Being relatively unknown and small player in the notebook market, Benq has craved a niche market for well designed, light full featured notebooks. My first notebook bought in 2005 was the Benq Joybook 7000. It was bought second hand in Sim Lim square for S$1,400. Back then, it is a good buy given its dedicated ATI Mobility Radeon 9700 graphics card with 64MB of RAM and 2.05kg weight (with 6 Cell battery).
It is a widescreen 14" notebook powered by the then new, less power hungry Pentium M 715 (1.5Ghz 2MB L2 Cache). It uses the Intel 855PM chipset and upgraded to a 60GB hard disk. The memory is also upgraded to 512MB. A DVD+RW is built-into the notebook. For connectivity, it has a 56k modem, Intel 2200 b/g wireless, 10/100 Ethernet LAN port and Infrared. Ports include 4 x USB2.0 ports, 1 x PCMCIA slot, 1 x IEEE1394 (FireWire) port, 1 x RJ-45, 1 x RJ-11, VGA output, S-Video and 3-in-1 card reader (supports SD,MMC, Memory Stick). The model came with Windows XP Home edition.

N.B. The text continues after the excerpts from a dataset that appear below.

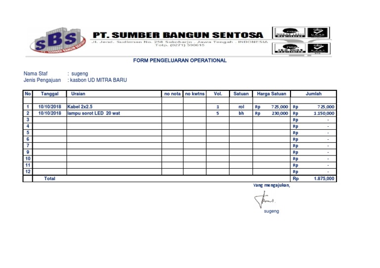 Mencatat nama karyawan yang mengajukan kasbon. Format pengajuan dana kas kecil. 7 contoh surat keterangan kerja perusahaan paling baru pdf file. 11 sep, 2021 posting komentar pembukuan adalah salah satu hal terpenting yang harus dilakukan dalam menjalankan bisnis, termasuk usaha fashion. Contoh surat meminjam uang ke perusahaan. Download contoh buku kas untuk pengelolaan dana bantuan operasional bos format microsoft word microsoft excel excel microsoft word. Selain itu kartu utang ini akan dibuatkan satu per satu vendor dari perusahaan dan akan dimasukan kedalam map atau file tersendiri. Misalkan 2 ply atau 3 ply. Cara input kasbon disini ada 2 cara.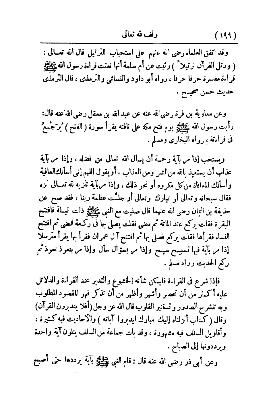 وقد اتفق العلماء - رضي الله عنهم - على استحباب الترتيل، قال الله تعالى: {وَرَتِّلِ القُرْآنَ تَرْتِيلاً} ، وثبت عن أم سلمة أنها نعتت قراءة رسول الله - صلى الله عليه وسلم - قراءة مفسرة حرفًا حرفًا، رواه أبو داود والنسائي والترمذي، قال الترمذي: حديث حسن صحيح.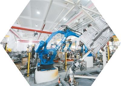 工业机器人在江苏省江都高新技术产业开发区一家汽车配件制造企业的智能生产线上作业。孟德龙摄(人民视觉)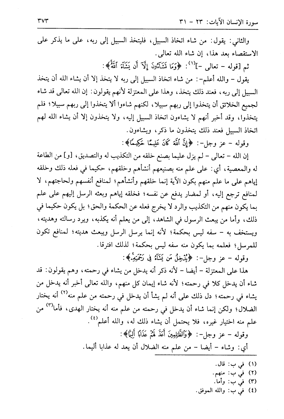 ثم قوله - تعالى -: (وَمَا تَشَاءُونَ إِلَّا أَنْ يَشَاءَ اللَّهُ ... (30):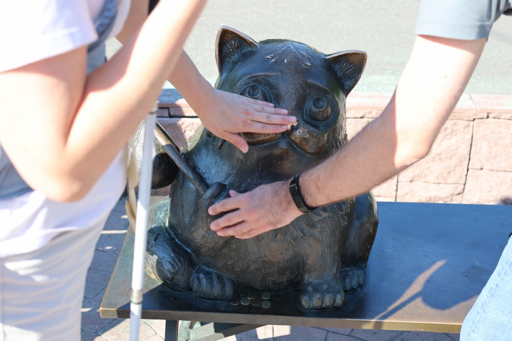 В сквере на главной городской площади Пять Углов путешественники тактильно изучили памятник треске и представили главную северную рыбу в натуральную величину, а также загадали желание, потерев треску за носик.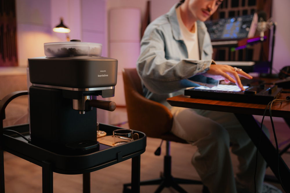 “Voor mij draait alles om sfeer, of ik nu een track produceer of koffie zet. Met de Baristina met Bean swap kan ik mijn koffie aanpassen aan mijn mood: iets krachtigs en energiek tijdens een studiosessie, of juist een zachte blend voor een late avond. Eén machine, eindeloos veel vibes,” vertelt Henri.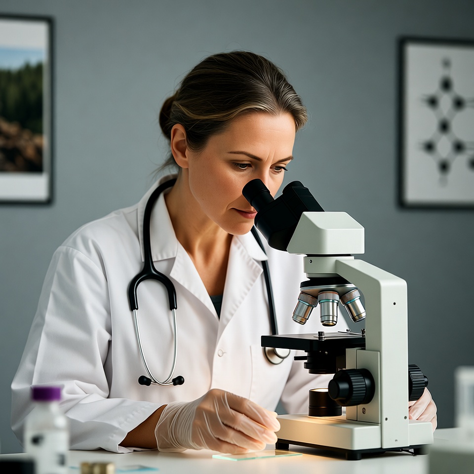 A scientist examines a sample under a microscope in a lab. The workspace has charts and equipment ready for research tasks.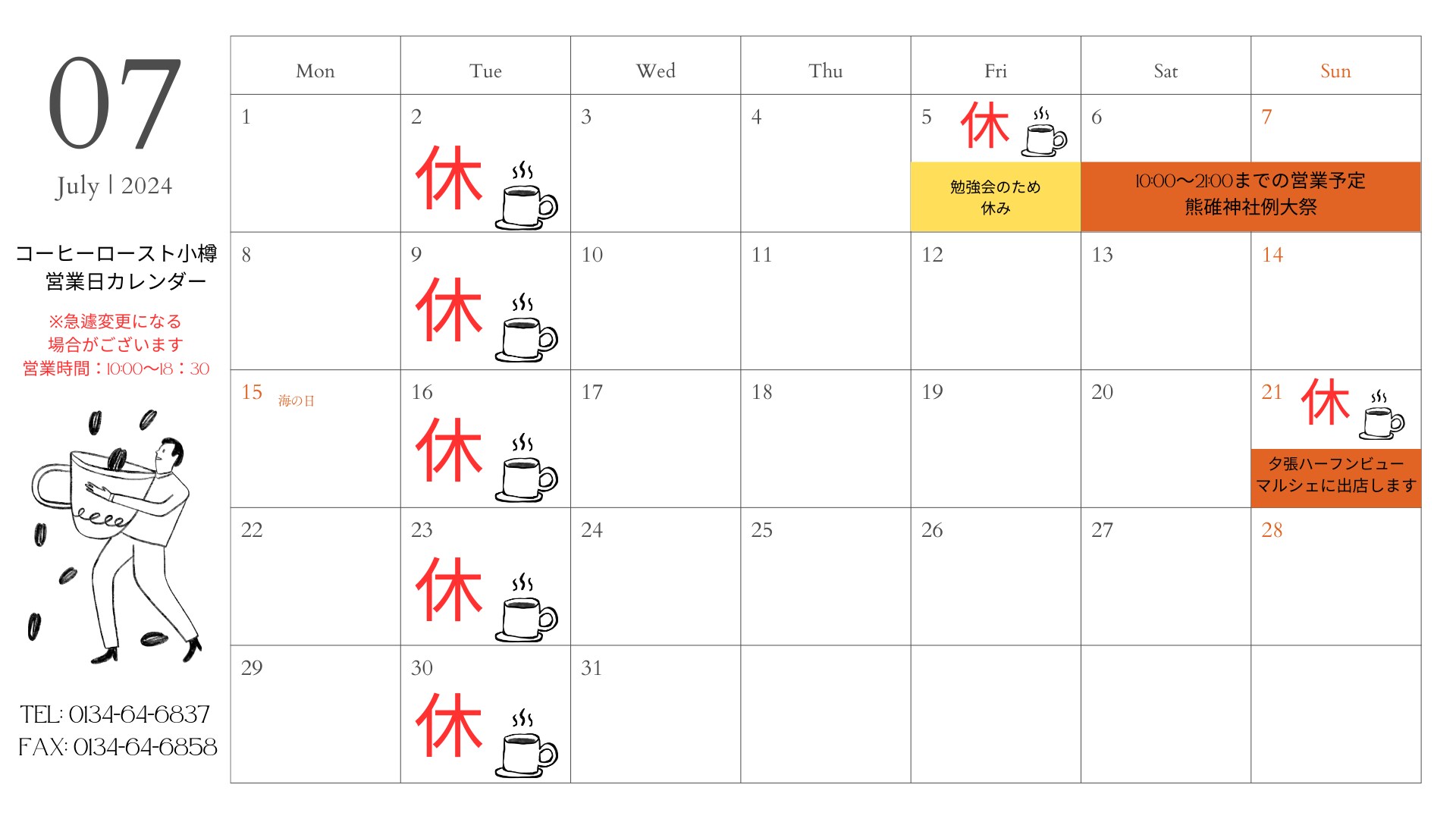コーヒーロースト小樽 ☆7月のお知らせ☆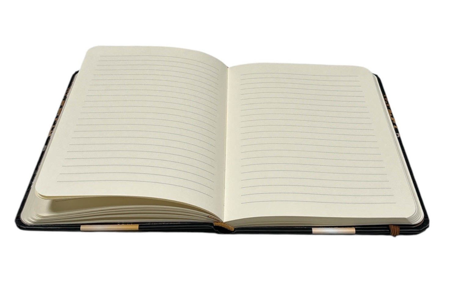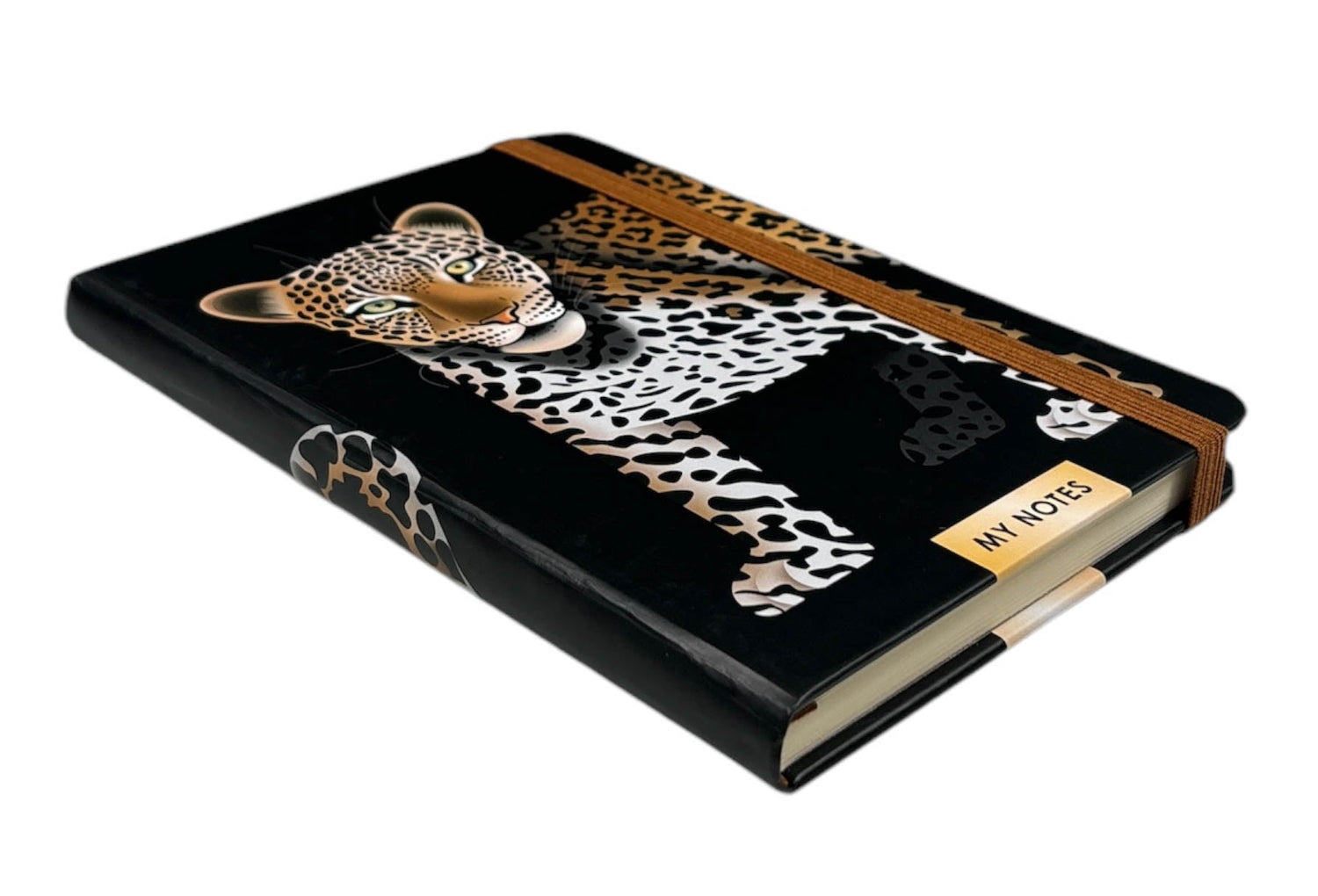 The 'Leopard Lined Journal' by Hush Designs Ltd is a notebook with a leopard patterned cover for jotting down notes and thoughts. It is created for those who appreciate an aesthetic and practical design for daily writing. "Lined Journal with Leopard" by Hush Designs Ltd is a notebook featuring a cover adorned with a leopard pattern, designed for recording notes and thoughts. It is crafted for those who appreciate an aesthetic and functional design for daily writing.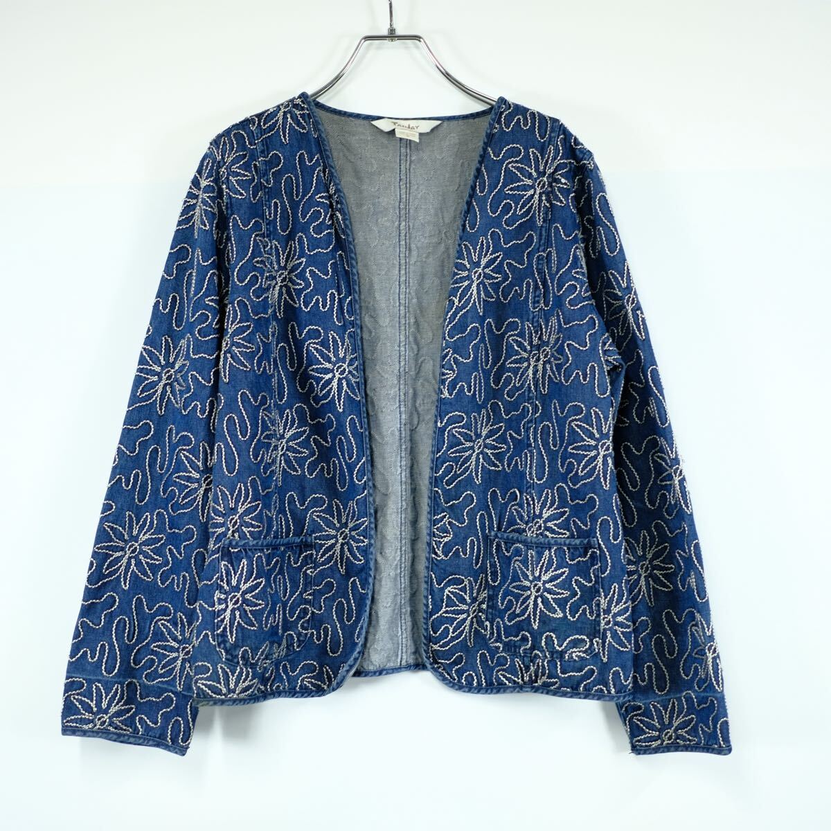 > 1990s ビンテージ ステッチワーク 花柄デニムジャケット ノーカラー 古着屋 アート 刺繍 総柄 ショート丈 デザイン

The keyboard is full sized which makes typing pleasant but feels plastic. My notebook overheat at least for the second half of '05/ '06 until I changed to my current Dell notebook and bring the benq notebook to be repaired at its service center. Its service center is at Sembawang and the fastest way in is taxi. Public transport is lacking at the area. Despite its age, it is still capable of running normal office application and the occasional games like starcraft, warcraft III etc.
I have since passed it to my brother for his own usage and will always remembered as my first self-paid notebook and opens me to the world of portability.